● Provided entries:
------------------------------------------------

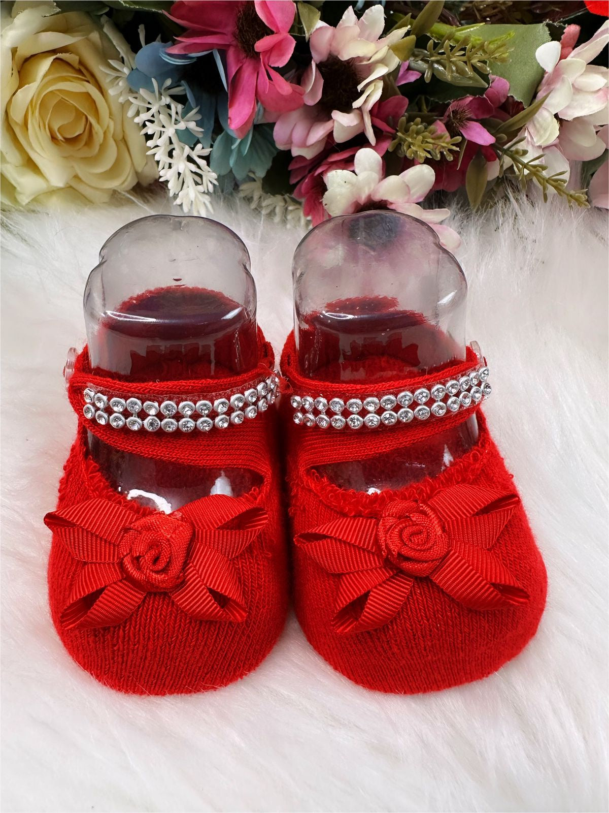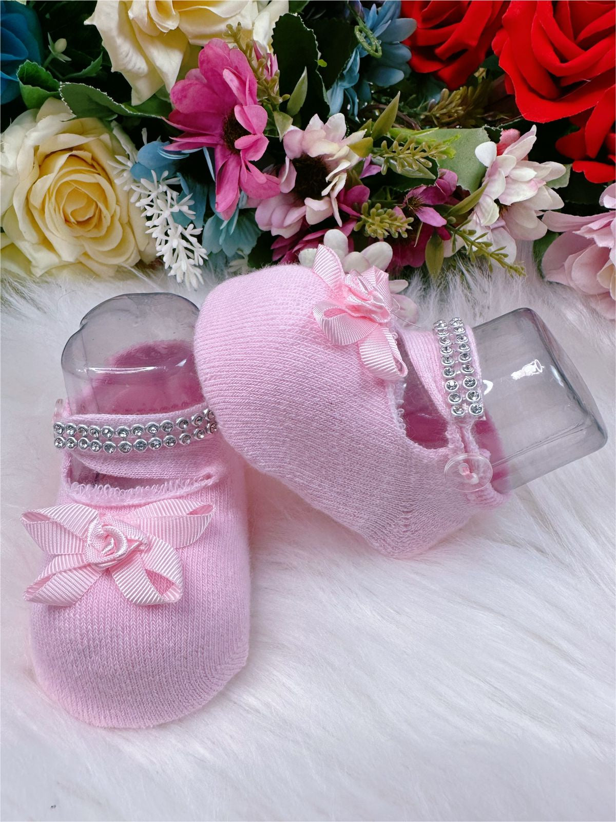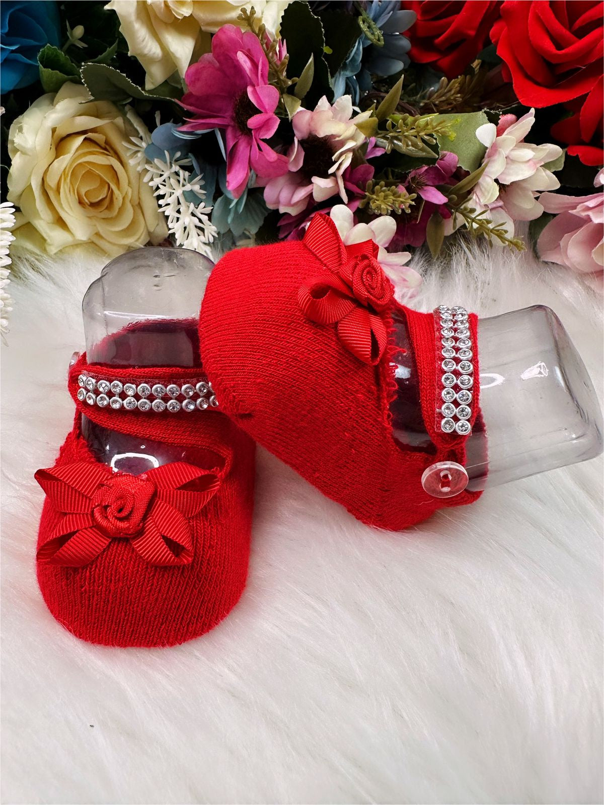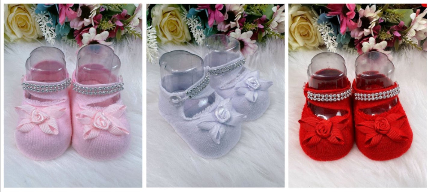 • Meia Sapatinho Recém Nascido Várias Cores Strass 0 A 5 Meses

------------------------------------------------

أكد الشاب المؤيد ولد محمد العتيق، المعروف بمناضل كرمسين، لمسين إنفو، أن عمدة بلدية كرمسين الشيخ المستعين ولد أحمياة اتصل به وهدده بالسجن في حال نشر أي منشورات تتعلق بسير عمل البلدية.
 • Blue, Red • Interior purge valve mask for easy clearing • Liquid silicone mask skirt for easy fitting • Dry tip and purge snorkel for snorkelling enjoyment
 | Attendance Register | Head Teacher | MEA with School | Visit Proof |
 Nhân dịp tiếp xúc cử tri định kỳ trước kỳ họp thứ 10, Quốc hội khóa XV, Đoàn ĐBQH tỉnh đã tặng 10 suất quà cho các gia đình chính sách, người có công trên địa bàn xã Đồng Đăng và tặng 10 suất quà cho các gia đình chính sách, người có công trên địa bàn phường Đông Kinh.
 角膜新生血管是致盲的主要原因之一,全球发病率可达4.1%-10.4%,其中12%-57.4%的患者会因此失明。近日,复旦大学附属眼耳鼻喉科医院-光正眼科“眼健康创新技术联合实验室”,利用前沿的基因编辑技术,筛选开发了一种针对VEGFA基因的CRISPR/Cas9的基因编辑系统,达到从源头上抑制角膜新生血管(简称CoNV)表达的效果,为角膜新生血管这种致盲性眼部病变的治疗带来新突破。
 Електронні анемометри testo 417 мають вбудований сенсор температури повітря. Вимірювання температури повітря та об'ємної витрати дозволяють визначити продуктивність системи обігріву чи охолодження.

------------------------------------------------

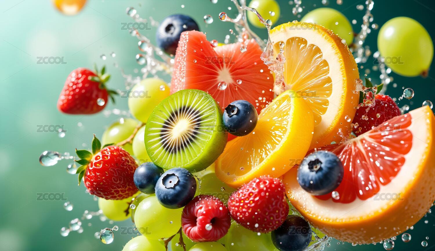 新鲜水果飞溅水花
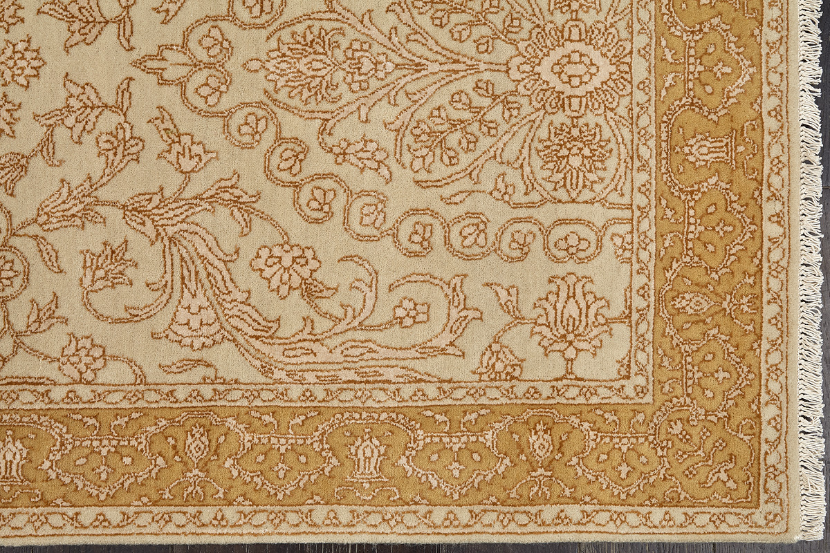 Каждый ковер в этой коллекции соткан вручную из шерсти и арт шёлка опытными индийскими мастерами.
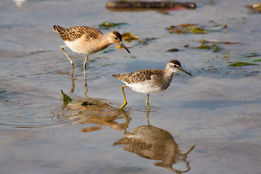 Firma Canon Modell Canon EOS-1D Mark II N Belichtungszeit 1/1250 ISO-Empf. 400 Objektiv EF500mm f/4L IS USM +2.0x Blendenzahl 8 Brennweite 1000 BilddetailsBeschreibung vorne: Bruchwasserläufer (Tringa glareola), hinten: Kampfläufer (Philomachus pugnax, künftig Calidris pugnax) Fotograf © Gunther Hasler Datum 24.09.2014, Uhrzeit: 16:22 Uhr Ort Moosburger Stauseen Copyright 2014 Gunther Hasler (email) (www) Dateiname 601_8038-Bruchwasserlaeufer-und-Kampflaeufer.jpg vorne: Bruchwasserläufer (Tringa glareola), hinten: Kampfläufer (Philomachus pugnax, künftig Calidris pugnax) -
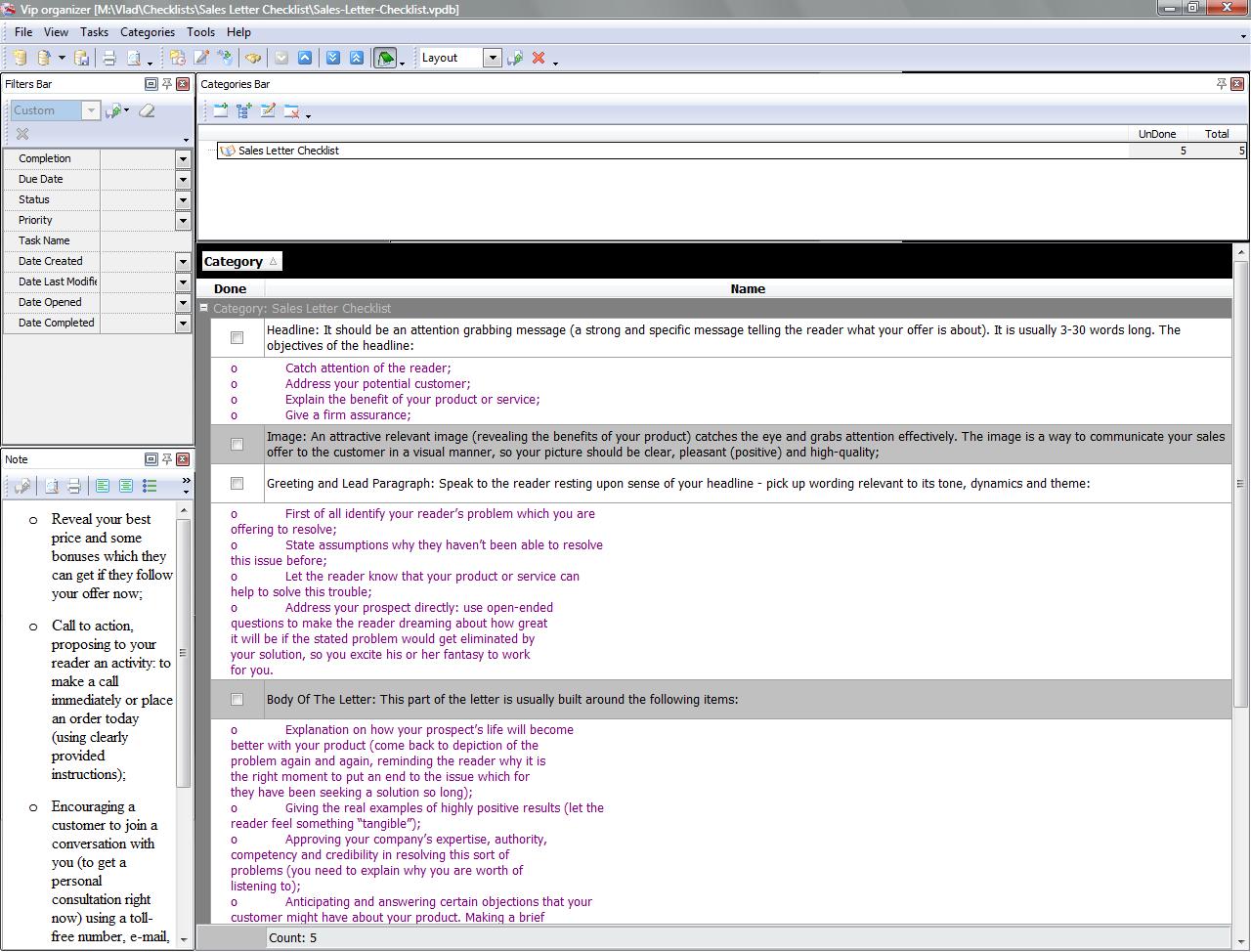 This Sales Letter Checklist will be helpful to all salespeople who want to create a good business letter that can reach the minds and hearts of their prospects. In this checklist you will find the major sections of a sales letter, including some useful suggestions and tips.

------------------------------------------------

● Work instruction: The range runs from the line with "Visit Proof |" up to and including the line with "Nhân dịp tiếp" in the listing above; please write out exactly those lines and nothing more.

● Result:
 | Attendance Register | Head Teacher | MEA with School | Visit Proof |
 Nhân dịp tiếp xúc cử tri định kỳ trước kỳ họp thứ 10, Quốc hội khóa XV, Đoàn ĐBQH tỉnh đã tặng 10 suất quà cho các gia đình chính sách, người có công trên địa bàn xã Đồng Đăng và tặng 10 suất quà cho các gia đình chính sách, người có công trên địa bàn phường Đông Kinh.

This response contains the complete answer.